AVAILABLE RECORDS: Begin

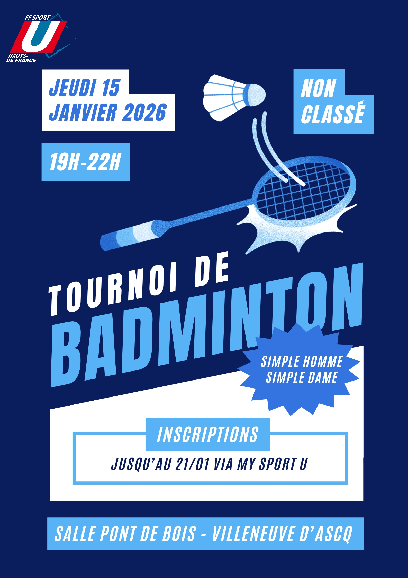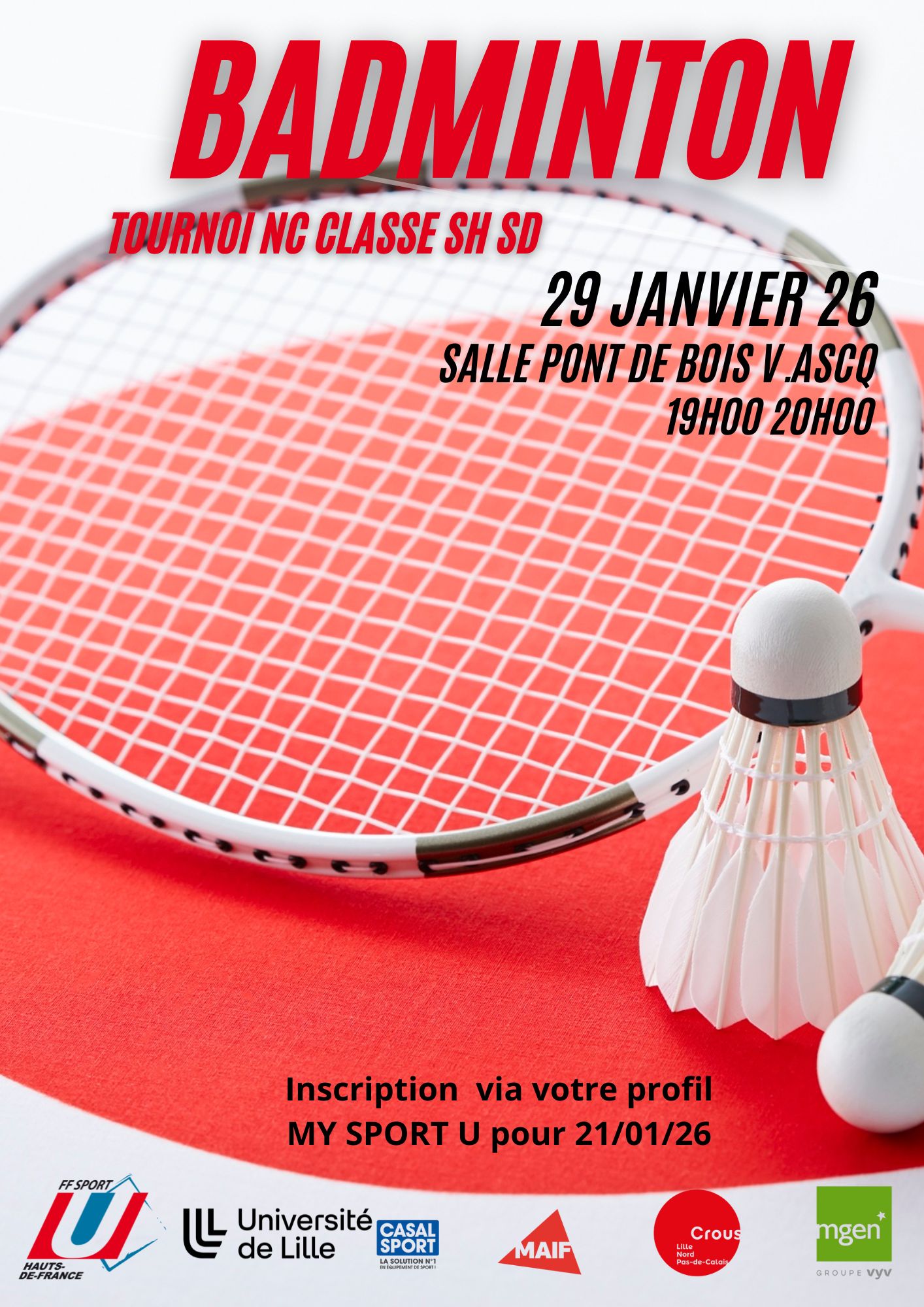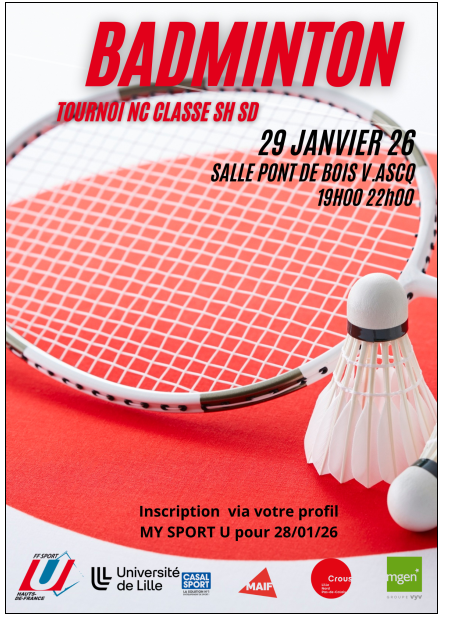 TOURNOI SH / SD NC Inscriptions jusqu’au 14/01/26 via votre espace licencié MY SPORT U |
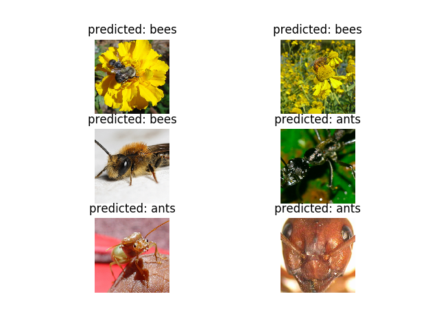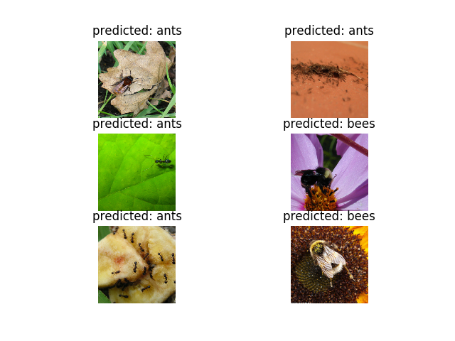 data_dir = 'data/hymenoptera_data' image_datasets = {x: datasets.ImageFolder(os.path.join(data_dir, x), data_transforms[x]) for x in ['train', 'val']} dataloaders = {x: torch.utils.data.DataLoader(image_datasets[x], batch_size=4, shuffle=True, num_workers=4) for x in ['train', 'val']} dataset_sizes = {x: len(image_datasets[x]) for x in ['train', 'val']} class_names = image_datasets['train'].classes
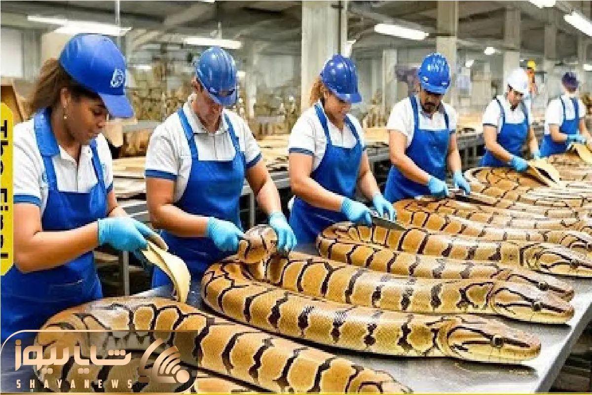 فرآوری مار؛ پوست مار ورقه ای جدا میکنه گوشتش سهم دیگ پوستش روانهی بازار
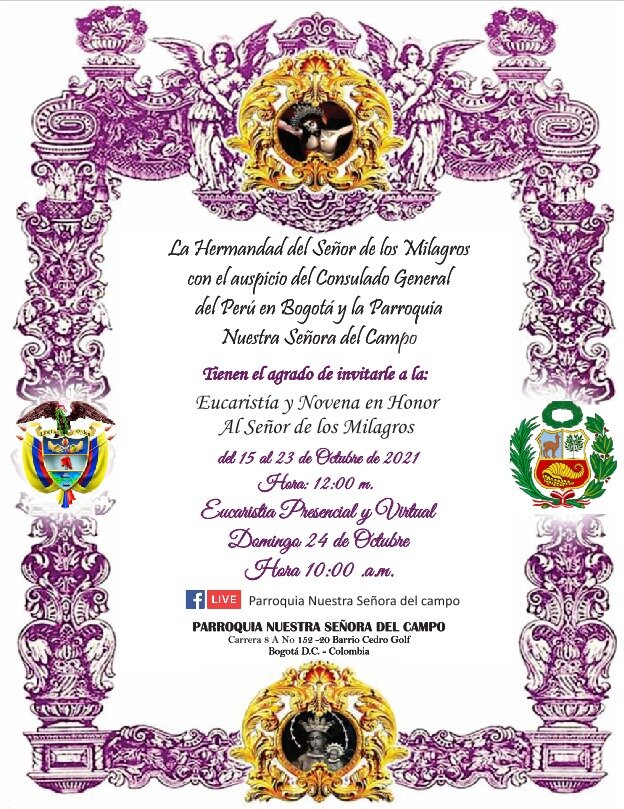 Programación 2021Sin categoría / By churchil La comunidad COLOMBIA, le invita a la celebración de Nuestro Señor de los Milagros
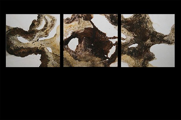John Hayes-Nikas’ series of large graphite drawings are rendered with elegant abstract formalism. With their subtle contrast between clearly-delineated negative space and more gestural strokes, the works invoke aspects of early Cubism, while the mysterious push and pull of the dark forms reference pre-Christian sacred spaces.
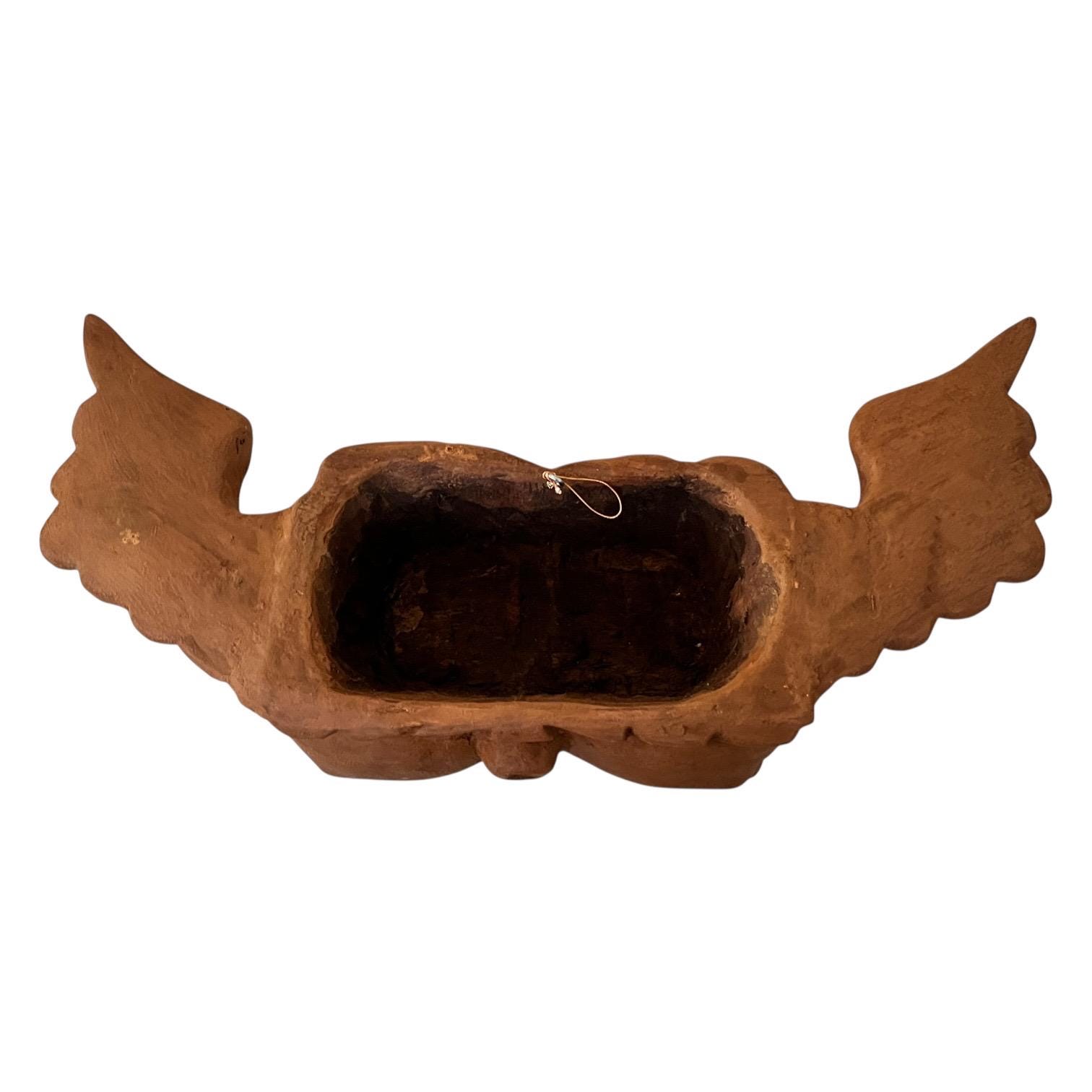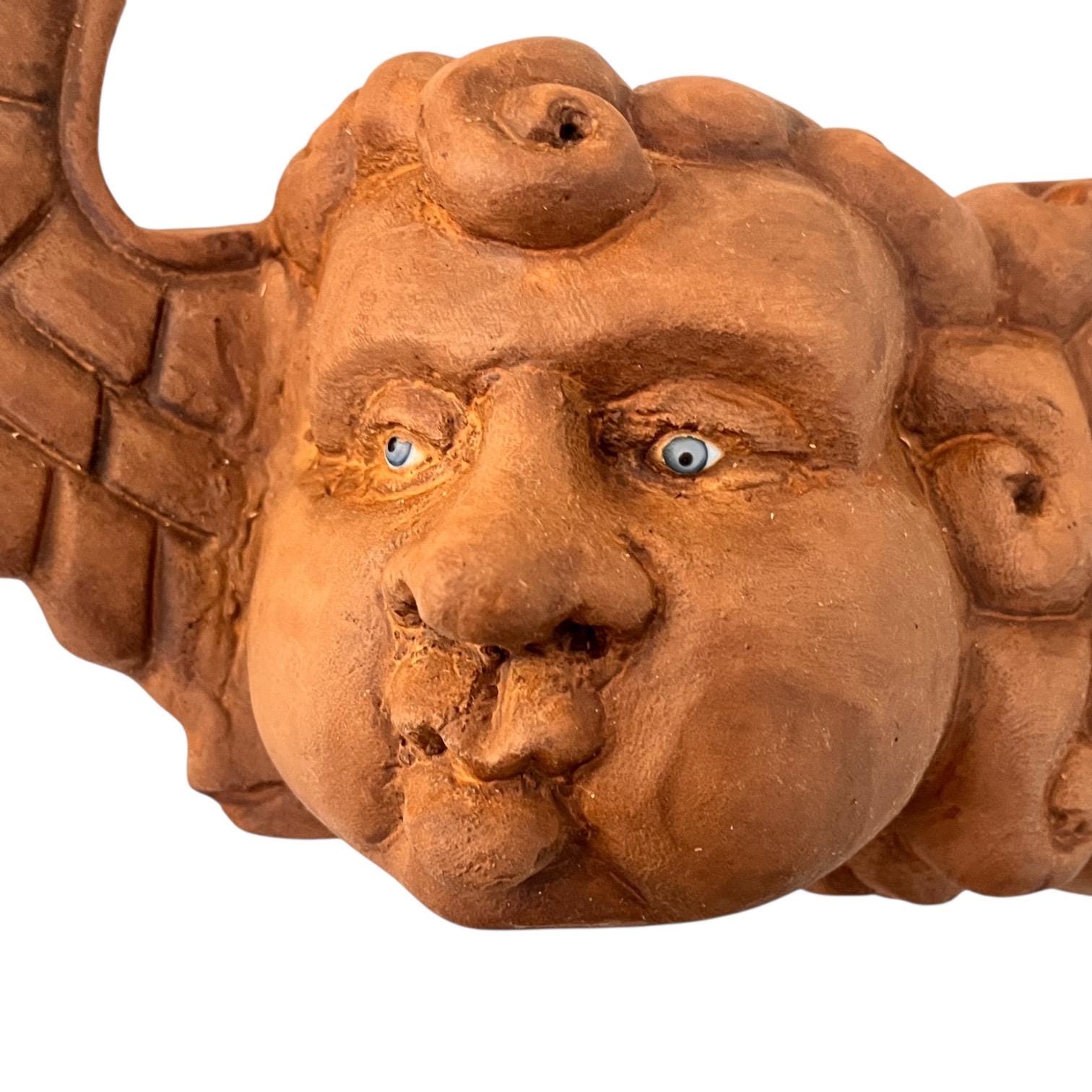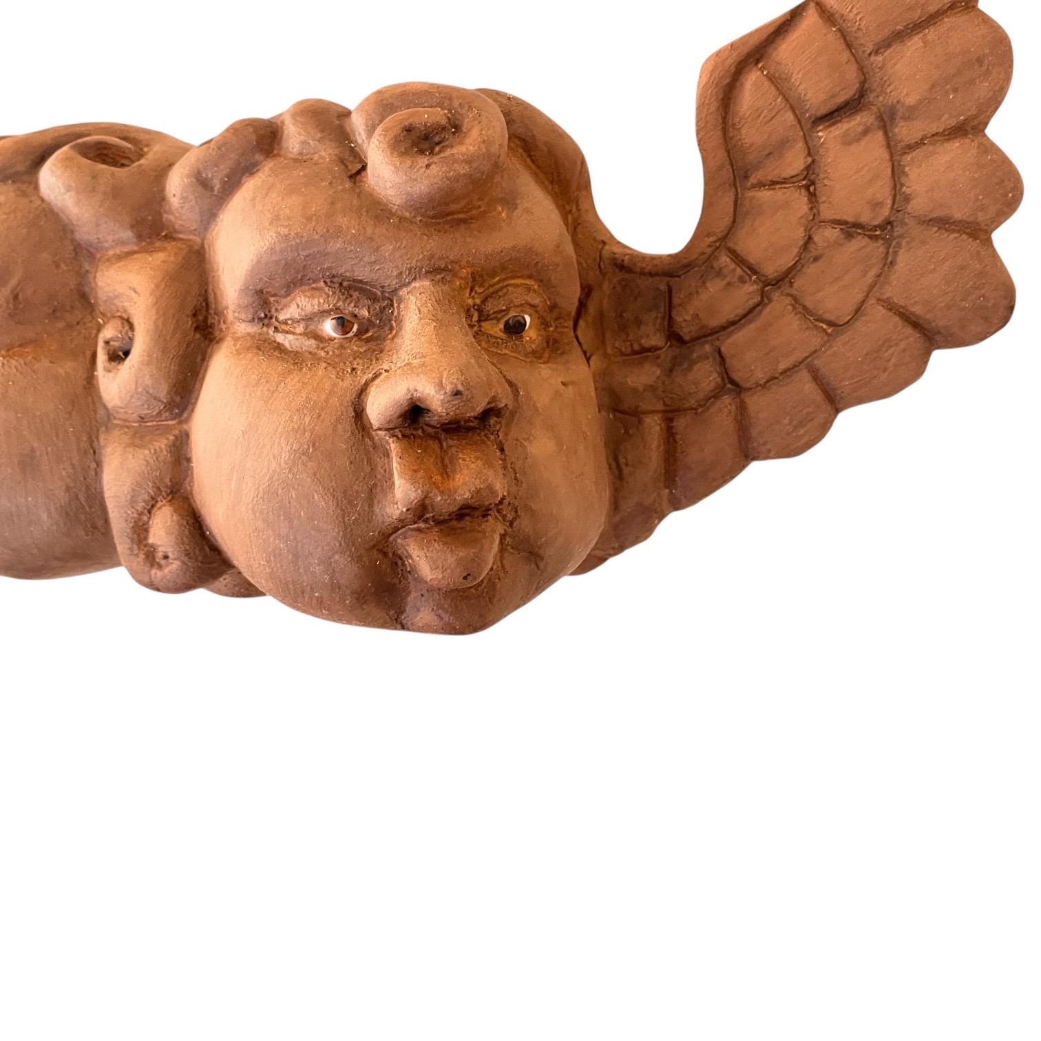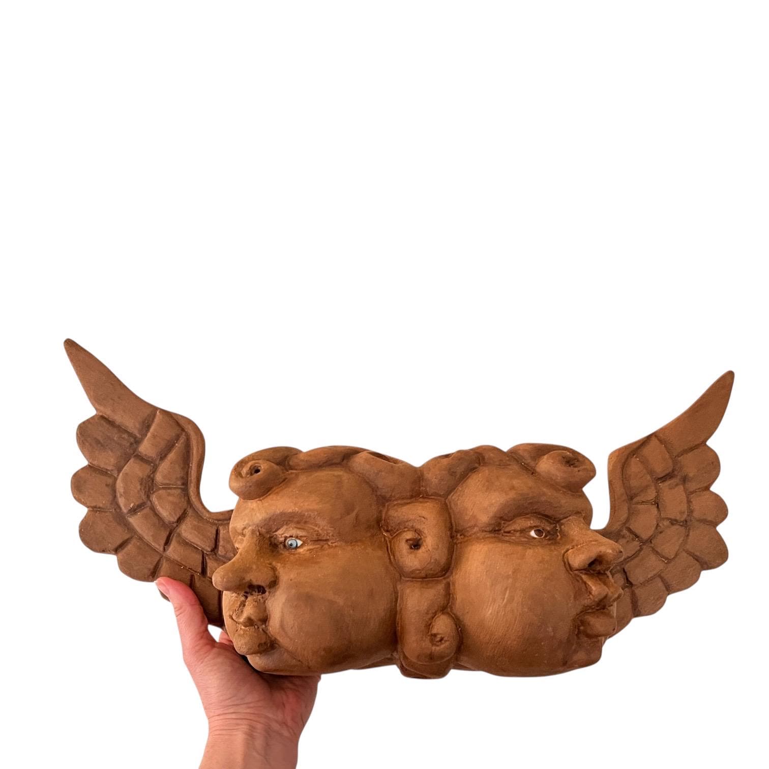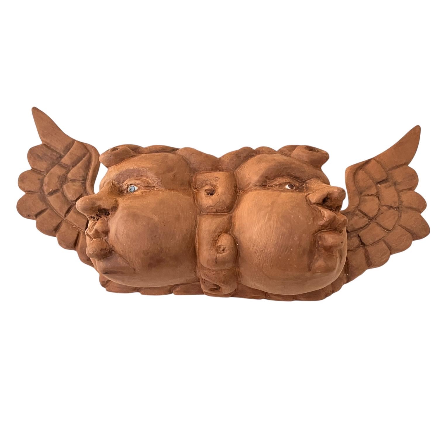 Beautiful carving with two chubby cheek cherubs with puckered lips and brown and blue glass eyes.

AVAILABLE RECORDS: End

== WHAT YOU HAVE TO DO ==
Because the pictures are not wanted, retype every record exactly without them.

== EXERCISE SOLUTION ==
 TOURNOI SH / SD NC Inscriptions jusqu’au 14/01/26 via votre espace licencié MY SPORT U |
 data_dir = 'data/hymenoptera_data' image_datasets = {x: datasets.ImageFolder(os.path.join(data_dir, x), data_transforms[x]) for x in ['train', 'val']} dataloaders = {x: torch.utils.data.DataLoader(image_datasets[x], batch_size=4, shuffle=True, num_workers=4) for x in ['train', 'val']} dataset_sizes = {x: len(image_datasets[x]) for x in ['train', 'val']} class_names = image_datasets['train'].classes
 فرآوری مار؛ پوست مار ورقه ای جدا میکنه گوشتش سهم دیگ پوستش روانهی بازار
 Programación 2021Sin categoría / By churchil La comunidad COLOMBIA, le invita a la celebración de Nuestro Señor de los Milagros
John Hayes-Nikas’ series of large graphite drawings are rendered with elegant abstract formalism. With their subtle contrast between clearly-delineated negative space and more gestural strokes, the works invoke aspects of early Cubism, while the mysterious push and pull of the dark forms reference pre-Christian sacred spaces.
 Beautiful carving with two chubby cheek cherubs with puckered lips and brown and blue glass eyes.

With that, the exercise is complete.